Chapter 2
DANIELA
What I need?
Where do I start?
I gulp and look up at Hawk, at his gorgeous blue eyes that are staring down at me with such tenderness.
Belinda is gone. My Belinda.
I may be sent back to Colombia.
Just when the pieces and clues I’ve been gathering finally clicked this morning. And now I know.
Why did I ever tell Hawk I didn’t want his protection? What was I thinking?
Sure, I was scared and overwhelmed. I didn’t like what he was becoming.
I didn’t like what he was becoming because it reminded me of…
No.
No.
Won’t go there.
Hawk is nothing like my father. Nothing like those horrid men who used me, abused me.
Sure, I didn’t like the methods he was using, but…
“Please tell me, baby,” he says again, kissing the top of my head. “Tell me what I can do.”
“I needed you,” I say again.
“I know.
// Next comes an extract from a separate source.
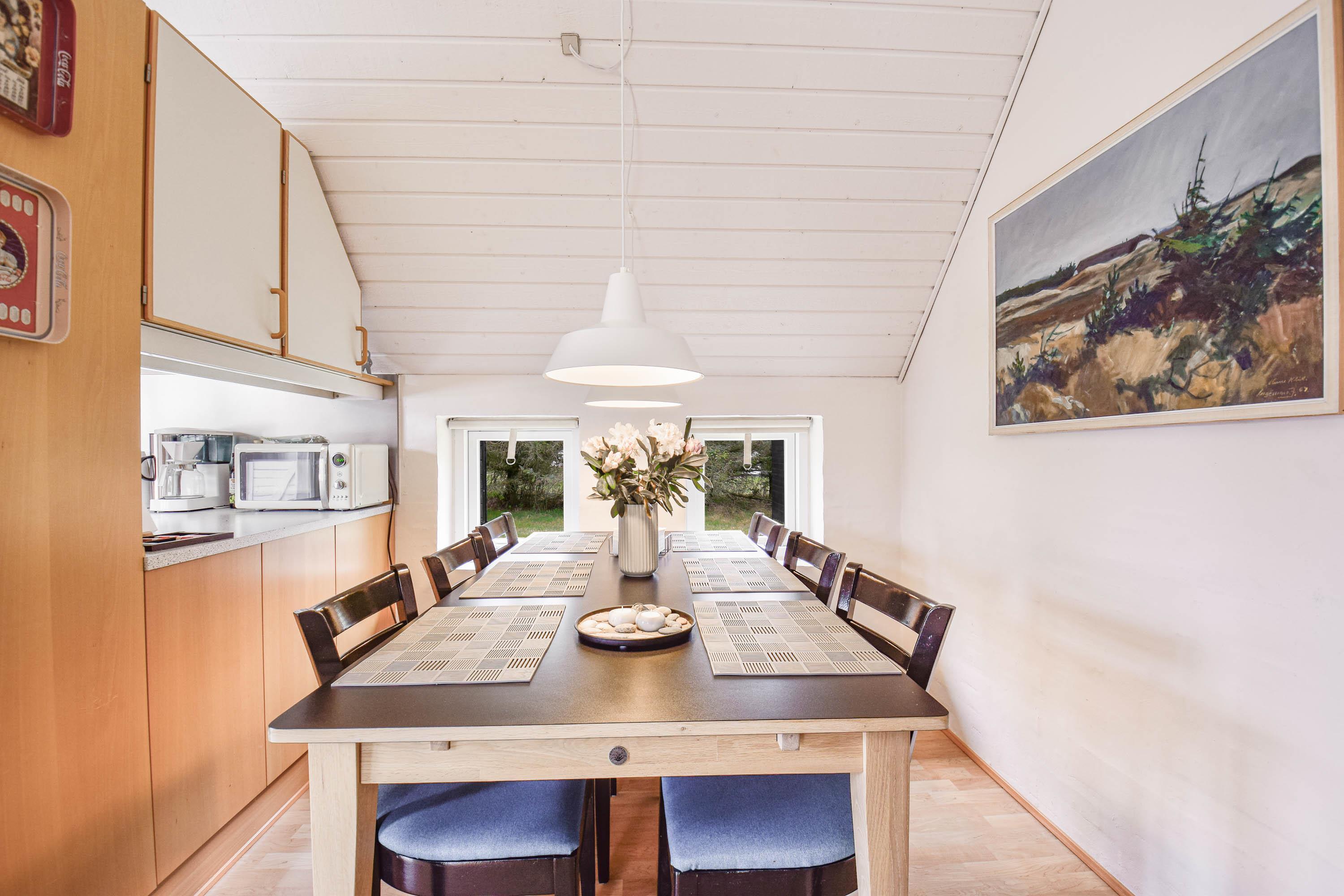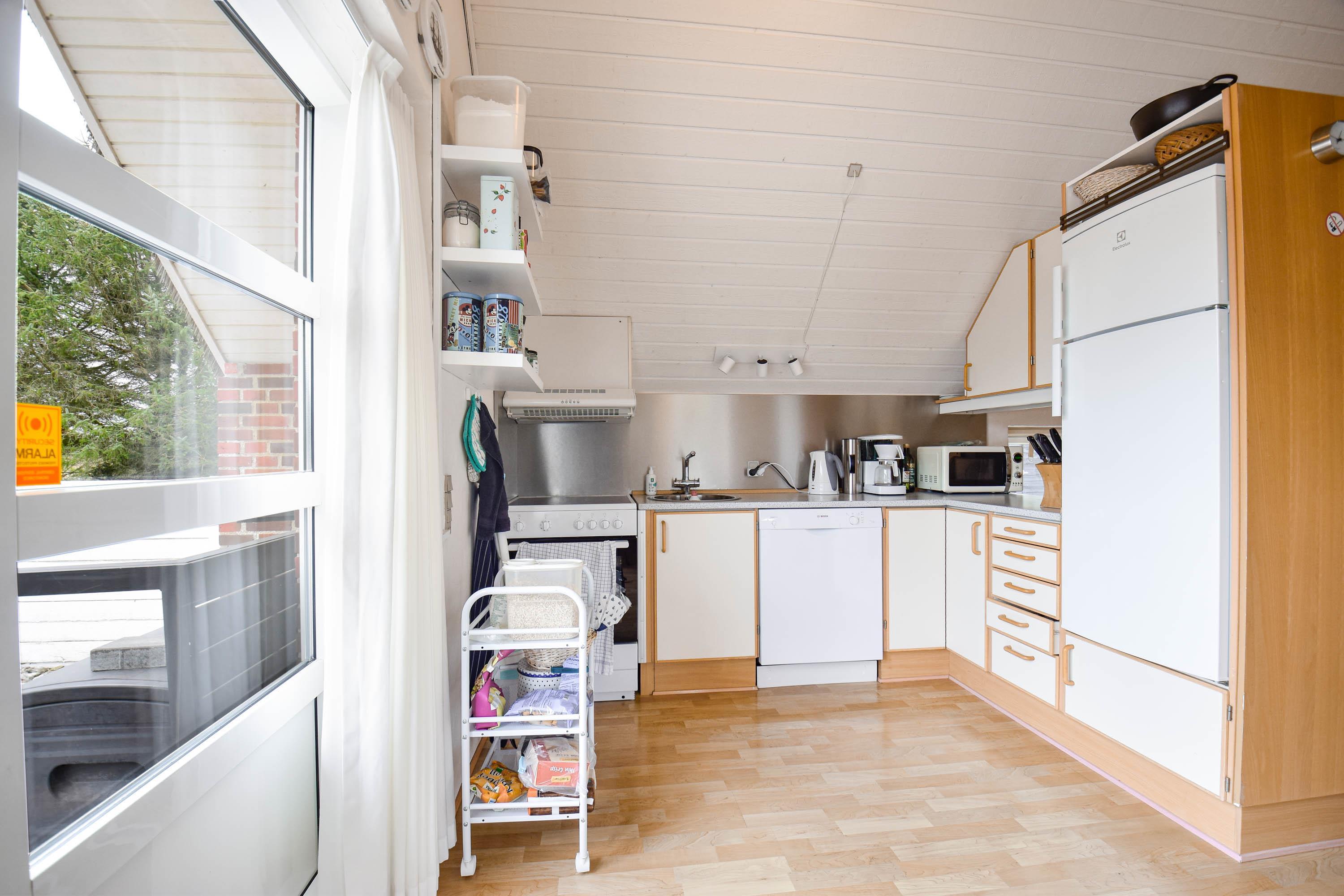 Huset er lyst og indbydende med en enkel og personlig indretning, hvor hyggen er i centrum.

I’m here now.” He squeezes my shoulders. “Tell me. Tell me everything.”
I gulp. “The most important thing is Belinda. We need to find her.”
“We will,” he says. “I promise.”
I break away from him. “How can you promise that? You don’t know where she is, who has her. Don’t make any more promises you can’t keep, Hawk Bellamy.”
He moves toward me, runs his fingers through his hair. “I deserved that. And I’m sorry. But we will find her. I’ll level the whole state of Texas to find her for you.”
I curl my hands into fists. “That’s exactly what I don’t want! You getting into trouble. You leveling anything for me. I’m so tired of you bending the law—”
“Daniela, look at me.”
I don’t.
He tips my chin up so I meet his gaze. “Look at me, baby.”
“Fine,” I huff.
“I’m not him,” he says. “I’m not your father. He had no respect for the law, for you, for anyone, for that matter. I know I’ve bent the rules lately, but I’m not him, Dani. I will never be him.”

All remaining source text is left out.